PSAPs have lived with features defined by service providers for so long that most are not aware that alternatives are available. Culturally, telecom professionals have the same problem. Getting "outside the box" is difficult when carriers and the government are writing the rules. Towson has ignored the box. That is the power of WebRTC. If you don't like what the telco offers, then create your own features.
While 911 upgrades are mired in indecision, budget deficiencies, and political squabbles, SaferMobility has flipped the switch on emergency communications services. The architecture allows for implementation in parallel with existing 911/CAD solutions, but it does not replace them -- at least, not for now. These solutions offer a clean slate.
Coincidentally, NENA and its European counterparts have defined architecture for NG911. It includes signaling and media services that are logically separated in a peer-to-peer architecture in support of SIP communications and integration of multiple sources of contextual data. Their efforts are interesting in that the codecs for any communications media supported by SIP are supported by WebRTC, too.
Further, broad swaths of SIP signaling content can be reused in WebRTC. So for recording and encryption, it is no surprise that SaferMobility is using Dialogic media services that comply with the NENA's NG911 architecture. In other words, adoption of solutions like SaferMobility for alternative 911 services provide PSAPs with a migration strategy to complete NG911 implementation.
In addition to the NG911 media and signaling services, SaferMobility's solution has two components: a mobile app and a dispatcher interface.
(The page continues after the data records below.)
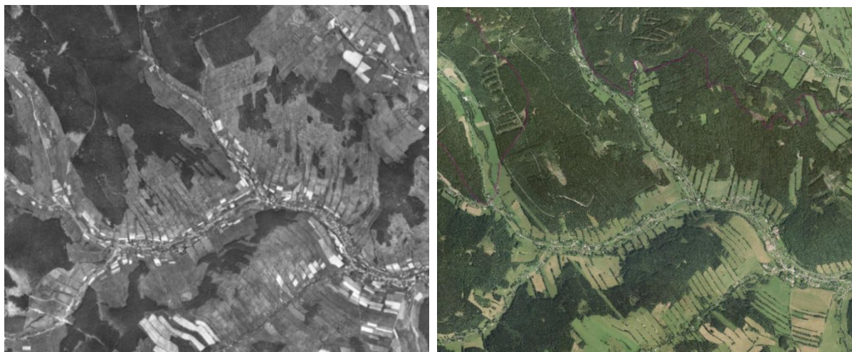
obr. 4 – Ztráta bezlesí – porovnání stavu území v r. 1955 a v r. 2012
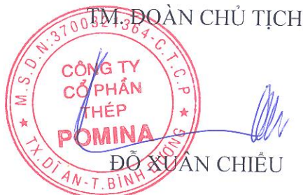
ĐỖ XUÂN CHIÊU
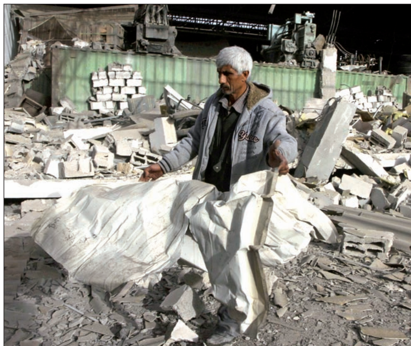
Israeli 2,8 milioi euro saldu zizkion Espainiak 2008an kohete eta misiletan. Irudian, Israelek 2008an Gazan misilez egindako bonbardaketaren biktima.

Sektorearen 2010. ekitaldiko datu ofizialik ez dago oraindik, baina ekainean edo uztaillean jakinaraziko dituztela aurreikusten da. Hala ere, Zerga Agentziaren estatistiketatik ateratako 2010eko lehen seihilekoko datu objektiboak badaude. Datu horien arabera, Espainiako Estatuak 2010eko lehen seihilekoan aurreko urteko aldi bereko arma esportazioak bikoiztu zituen, hau da, 900 milioi euro baino gehiago saldu zituen. Joera horri eutsi
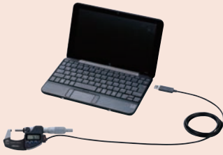
(1) USB Input Tool Direct kábel 2 m

Kérjük keresse meg a Digimatic mérő műszerének megfelelő kábeleket a katalógus "Opcionális kiegészítők" részében.
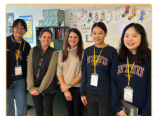
▲ Partner Classroom教師、行為分析師合照
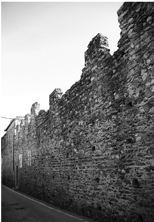
Sant' Ambrogio, mura del borgo.

Murato è anche Sant' Ambrogio, importante sede di pedaggio idealmente erede della funzione di sbarramento viario che era stata delle chiuse e soggetto alla giurisdizione degli abati di San Michele della Chiusa 84 . La cronologia dell'intervento risulta sovrapponibile a quella di Bussoleno: la cortina, ben leggibile nei settori occidentale (collegato alle strutture del più antico castello), settentrionale (concluso da una torre cilindrica di modeste dimensioni e fattura) e orientale (si conserva, sui
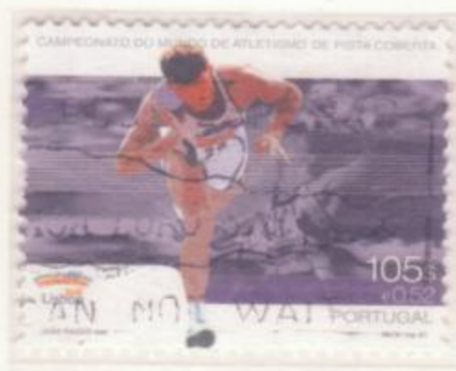
GETTO DEL PESO
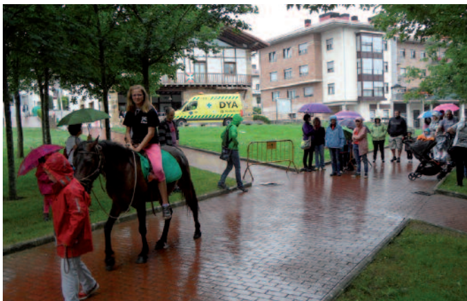
Artzabalena, pottoka gainean ibiltzeko aukera izan zen ostegunean.
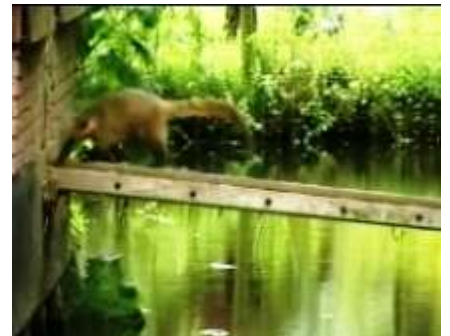
een kleine tapir
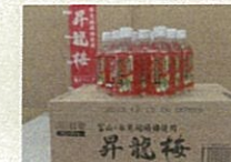
昇龍梅ドリンク (氷見市)
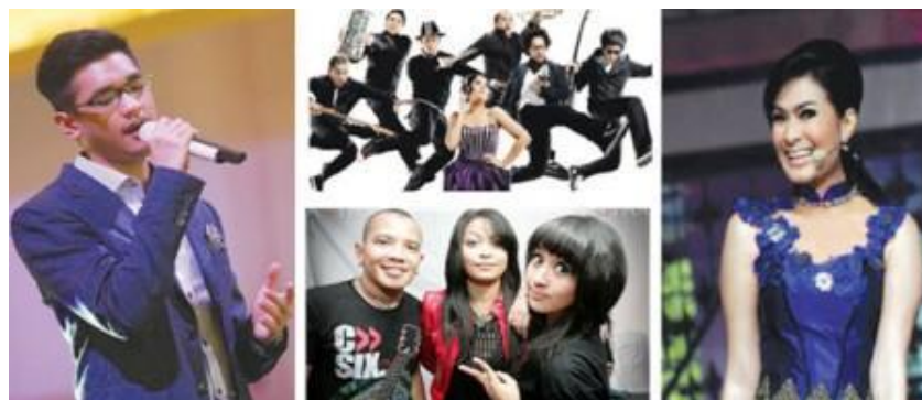
Gambar 1. Penyanyi dan grup pop Indonesia
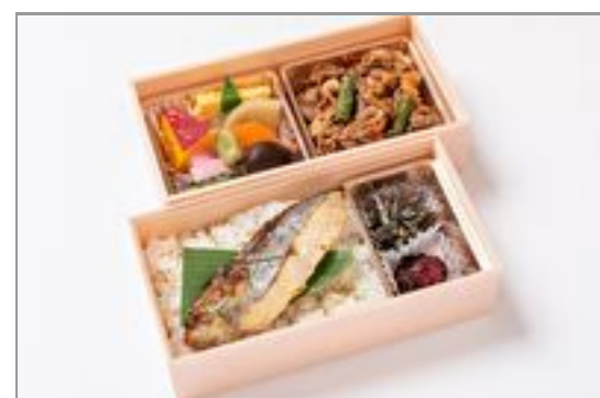
豚スタミナ焼き×鯖の西京焼き弁当 1,371円(税込1,480円)／品番:STDQ013
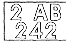
圖 2A 。
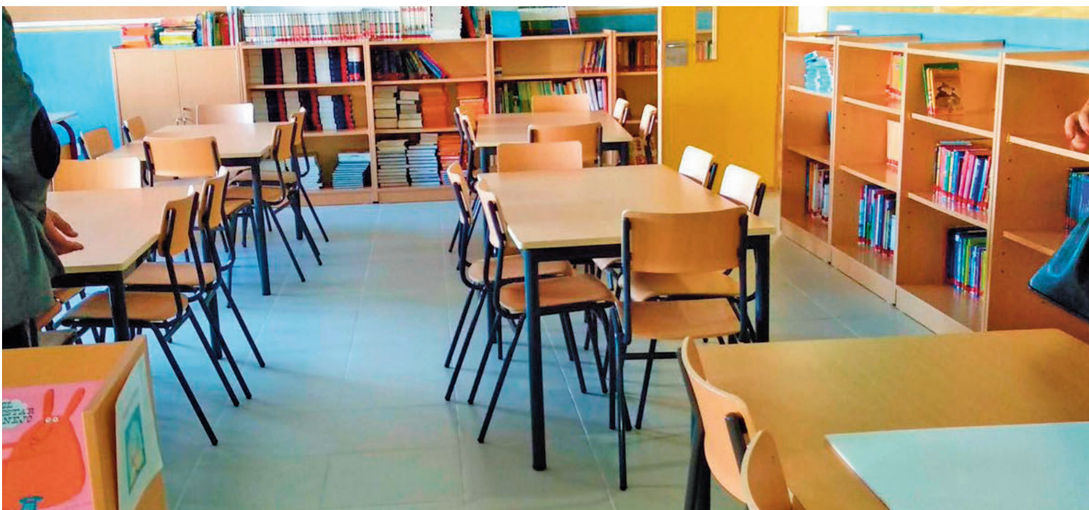
Los profesores siguen sufriendo agresiones por parte de sus alumnos en las aulas
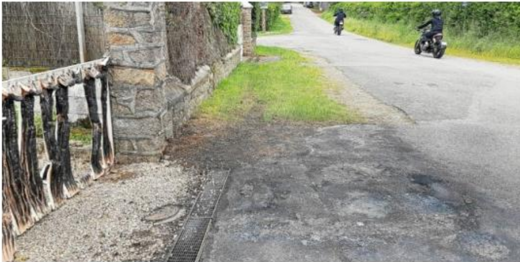
La voiture a été incendiée dans la nuit du jeudi 4 au vendredi 5 mai, sur la pointe du Cabellou à Concarneau.

Une voiture immatriculée 92 a été incendiée dans la nuit de jeudi à vendredi, à Concarneau (29), sur la pointe du Cabellou. Un tag avec le sigle « FLB », faisant référence au Front de Libération de la Bretagne, a aussi été découvert. Dépitée, la propriétaire rappelle qu'elle est d'origine bretonne.
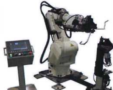
フォーミングマシン
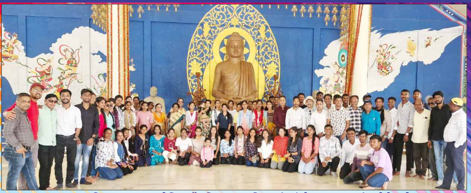
मानव्यशास्त्र विभागाद्वारा आयोजित शैक्षणिक सहल सिद्धपुरी, अंभोरा, रावणवाडी, गोसेखुर्द धरण
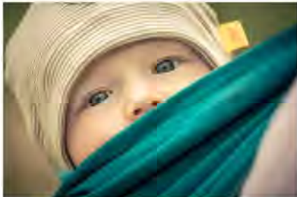
Kinder möchten getragen werden - sie sind Traglinge!

Mit Trageberaterin Christin Weisbrod Zenker
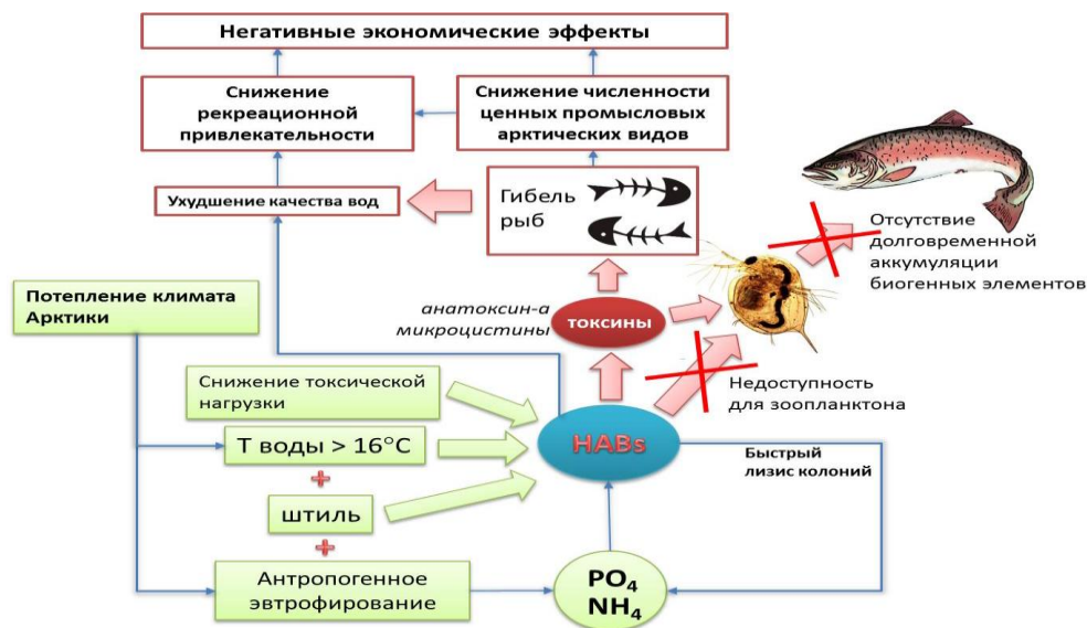
Рисунок 2. Схема причин массового развития цианопрокариот в арктических озерах и его последствия

Повсеместно отмечается снижение доли ценных промысловых видов рыб на фоне увеличения малоценных короткоцикловых представителей ихтиофауны (рис. 3).
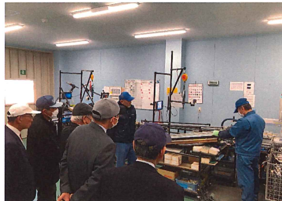
(ネジ締め強度の加工履歴をすべて自動で記録。)
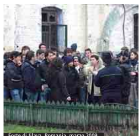
Foro di Jilava, Romania, marzo 2009.
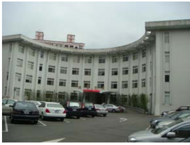
A 井塘樓整修後保留其純白 樣貌及圓弧造型
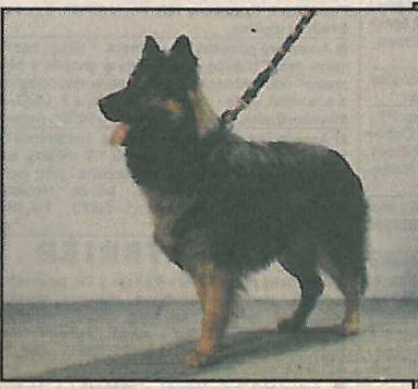
Clark Bryvílsár - VTM, 5xCAC, NV, BOB, OV - Birri Chodský pes x Bela na Bylinkách, maj. O. Bernátová

hovoří i bezproblémová přeprava, lehká ovladatelnost a v neposlední řadě i menší nároky na množství krmiva oproti jiným služebním plemenům. Jeho hustá srst ho chrání před mrazem, deštěm i silným slunečním zářením. Přelínání je krátkodobé, péče o srst je minimální - stačí ji 2x týdně pročesat řídkým hřebenem. Vzhledem k jeho odolnosti ustájení chodského psa nevyžaduje žádná speciфика, stačí nezažehnaná bouda (toto však neplatí pro odchovy štěňat) a jen dodržovat zásadu, že žádný pes jakéhokoliv plemene nesmí být ustájen ve
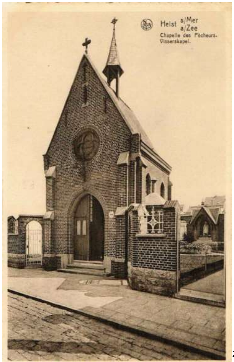
Heist s/ Mer a/ Zee Chapelle des Pêcheurs- Visscherskapel.

Daarom zal het beeld op een plecht (20 cm) geplaatst worden bij de eeuwfeestviering in 1992.
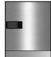
Sサイズ / 電池式
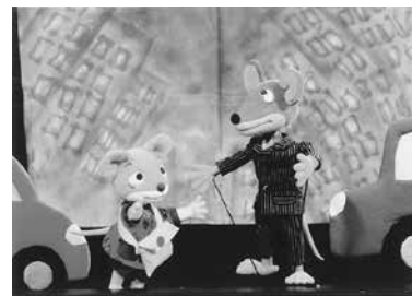
HOBO'S PUPPET THEATER
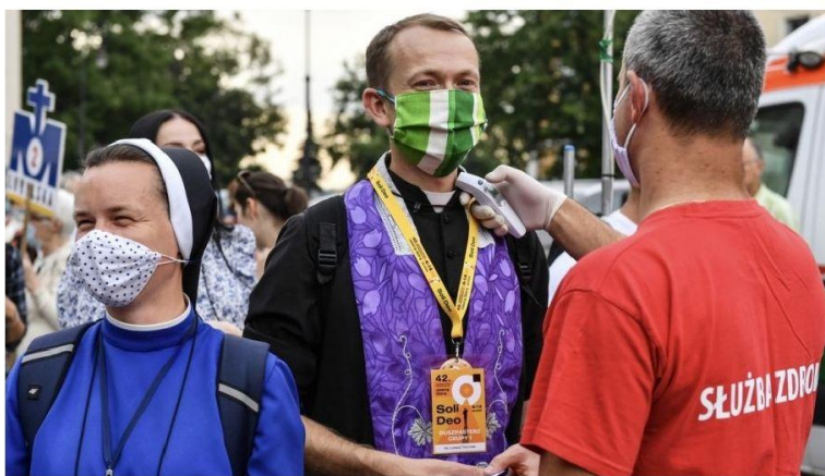
■ Pielgrzymom jest mierzona temperatura

O regulacje dotyczące pielgrzymowania z obszarów szczególnie zagrożonych koronawirusem zawnioskowały do ministra zdrowia Łukasza Szumowskiego władze samorządowe Częstochowy. Kontekst to doroczny jasnogórski szczyt pielgrzymkowy przypadający na połowę i drugą połowę sierpnia.
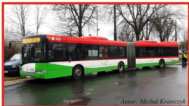
Autor: Michał Krawczyk

Oprócz linii specjalnych wprowadzono zmiany w funkcjonowaniu innych linii komunikacyjnych.
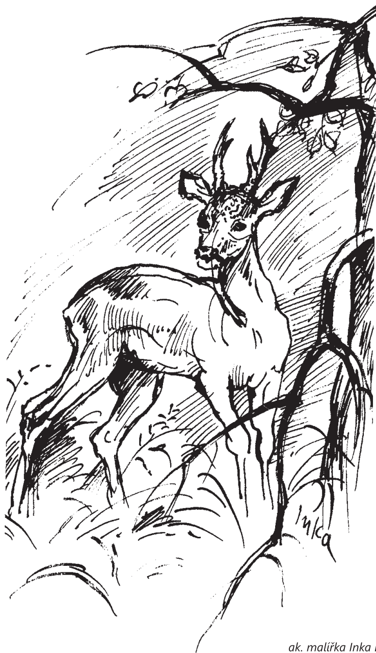
ak. malířka Inka Delevová
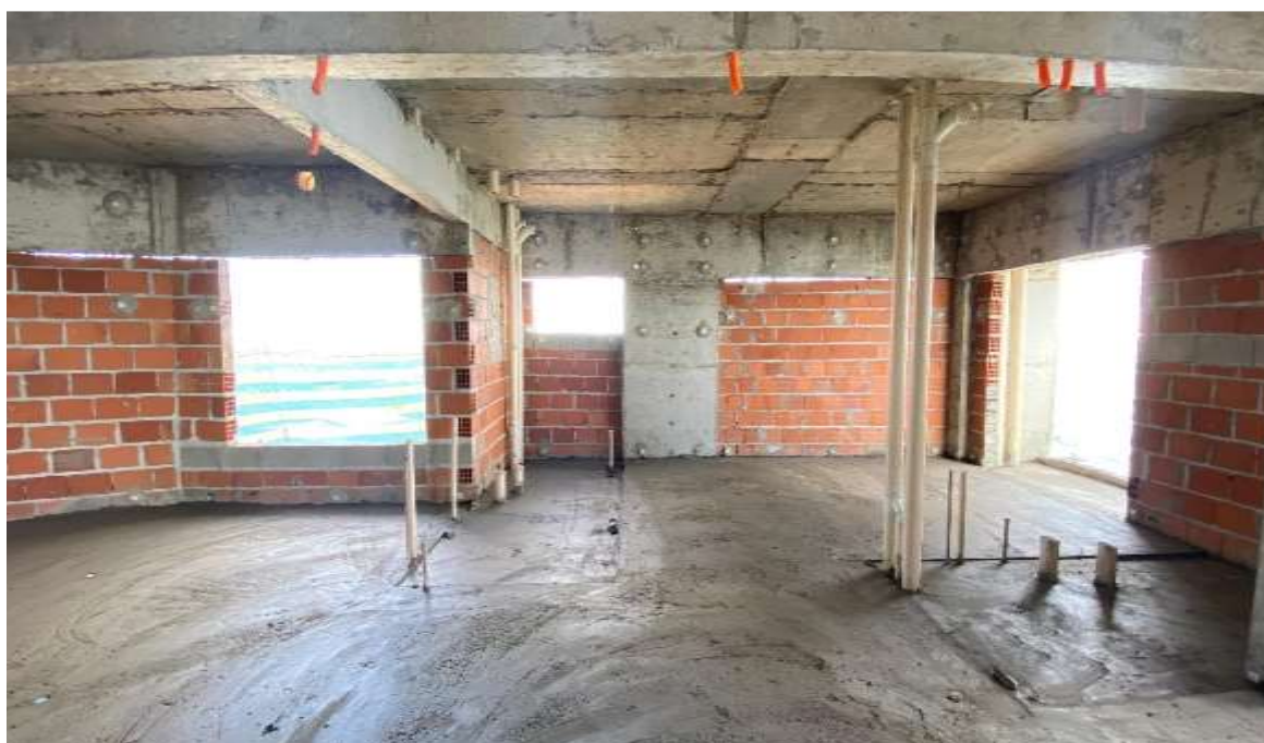
Execução do contrapiso dos apartamentos do 20º pavimento – Junho 2024
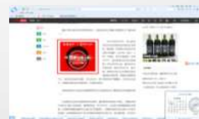
新闻文章页画中画02
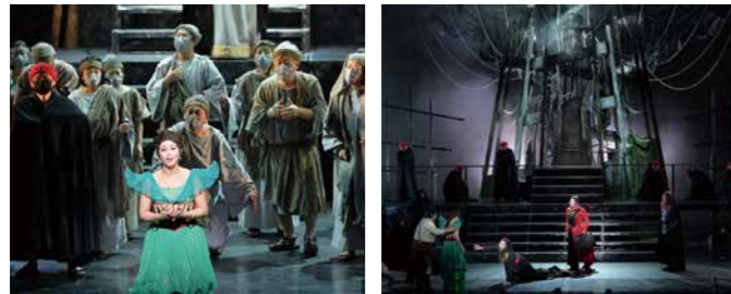
写真：第24回藤沢市民オペラ「ナブッコ」より

観に行ってみたくて、子どもは入れるの？そもそも市民オペラってなに？そんな疑問をボクと一緒に解消していこう★
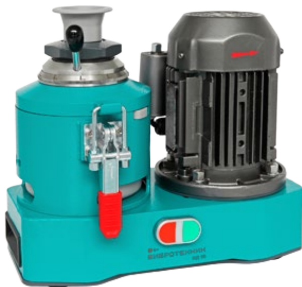
Рис. 1. Истиратель дисковый ИД 65
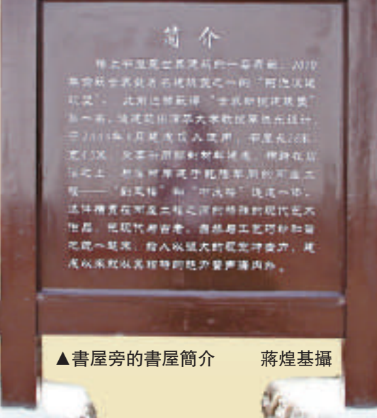
▲書屋旁的書屋簡介
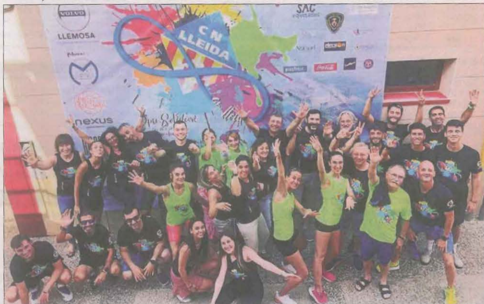
Iniciativa solidària. El Club Natació Lleida ha organitzat tot el cap de setmana el vuitè Open Solidari en benefici de l'AECC Lleida i el projecte d'un local de colònies per a nens i nenes.
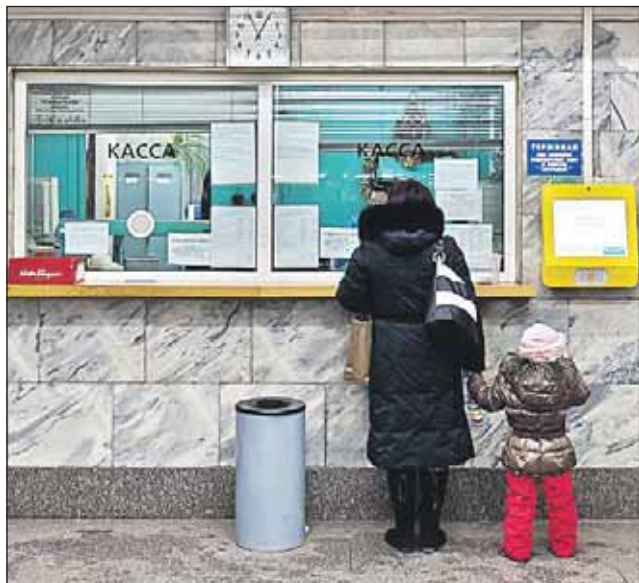
Видов билетов станет больше
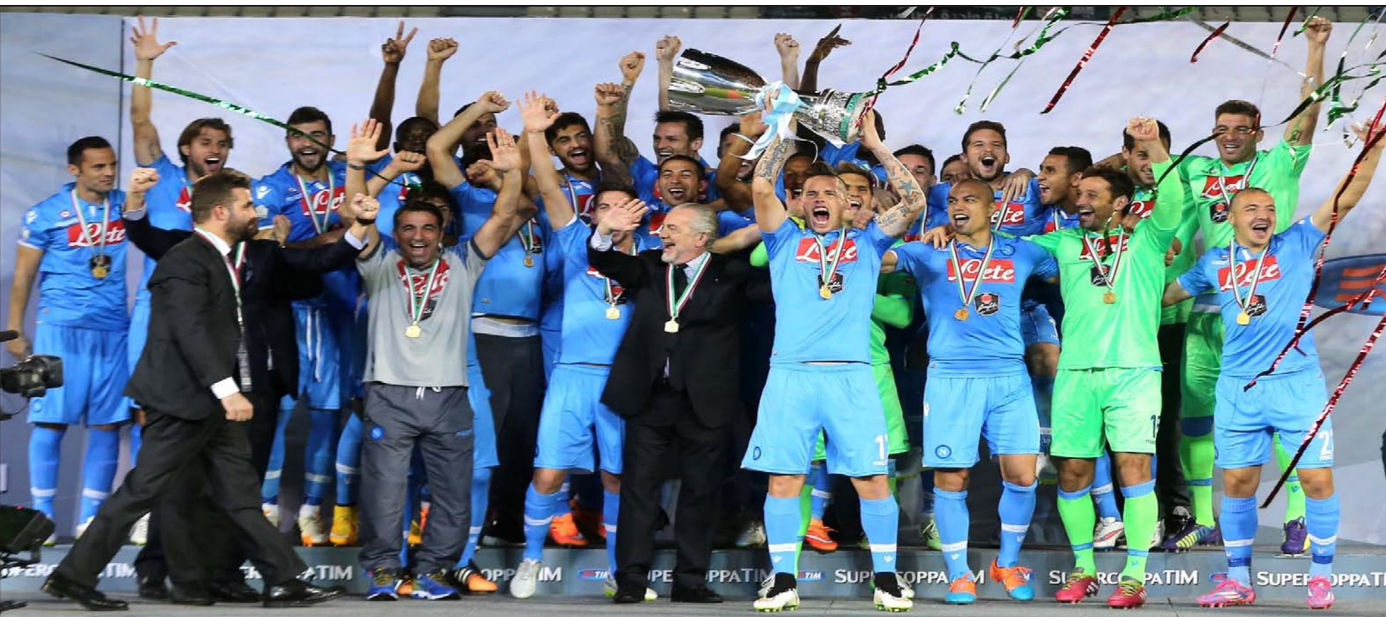
نجوم واداريو نابولي يحتفلون بلقب الكأس السوبر الإيطالية

الدوحة - د ب أ: توج نابولي بلقب الكأس السوبر الإيطالية للمرة الثانية في تاريخه بعد فوزه على يوفنتوس 5/6 بركلات الترجيح بعد انتهاء الوقتين الأصلي والإضافي بتعادل الفريقين 2/2 في المباراة المرادوية التي جمعت الفريقين على استاد جاسم بن حمد بنادي السد في العاصمة القطرية الدوحة.

The mobile app runs on the Android and Apple iOS operating systems, and the dispatcher interface runs within a Chrome browser. The mobile app supports two methods of engaging emergency services. One is a replication of the existing 911 services, although with different data and architecture. The second is a very different use case for triggering the engagement of emergency resources.
One unique "mobile escort" feature allows a user to start up the mobile app on a smartphone and press his or her thumb to the screen until arriving at a safe location. If the user removes his or her thumb from the screen for more than five seconds (minimum and configurable), then the smartphone location data, video, and audio begin streaming to the PSAP interface while sounding an audible alarm on the smartphone. This content is stored in a secure repository as evidence and integration with CAD systems is available. This is not your father's 911.
Steve Peck, board of visitors member at Towson and SVP at SAP, shared this thought: "Student safety is paramount to any university. This is the type of innovative solution that can be implemented and adopted quickly at a relatively low cost and make a significant impact to the overall safety plan."
The brilliance of the Towson implementation is that it does not break anything while offering a unique and functional alternative to dialing 911. The industry has recognized this with awards from the National Organization of Black Law Executives and the Cellular Telephone Industry Association WebRTC adoption is happening in places where complexity trumps the ability for government or telcos to respond. Add this to the long list of WebRTC solutions that Amazon, Comcast, Vonage, and Yahoo already have brought to market.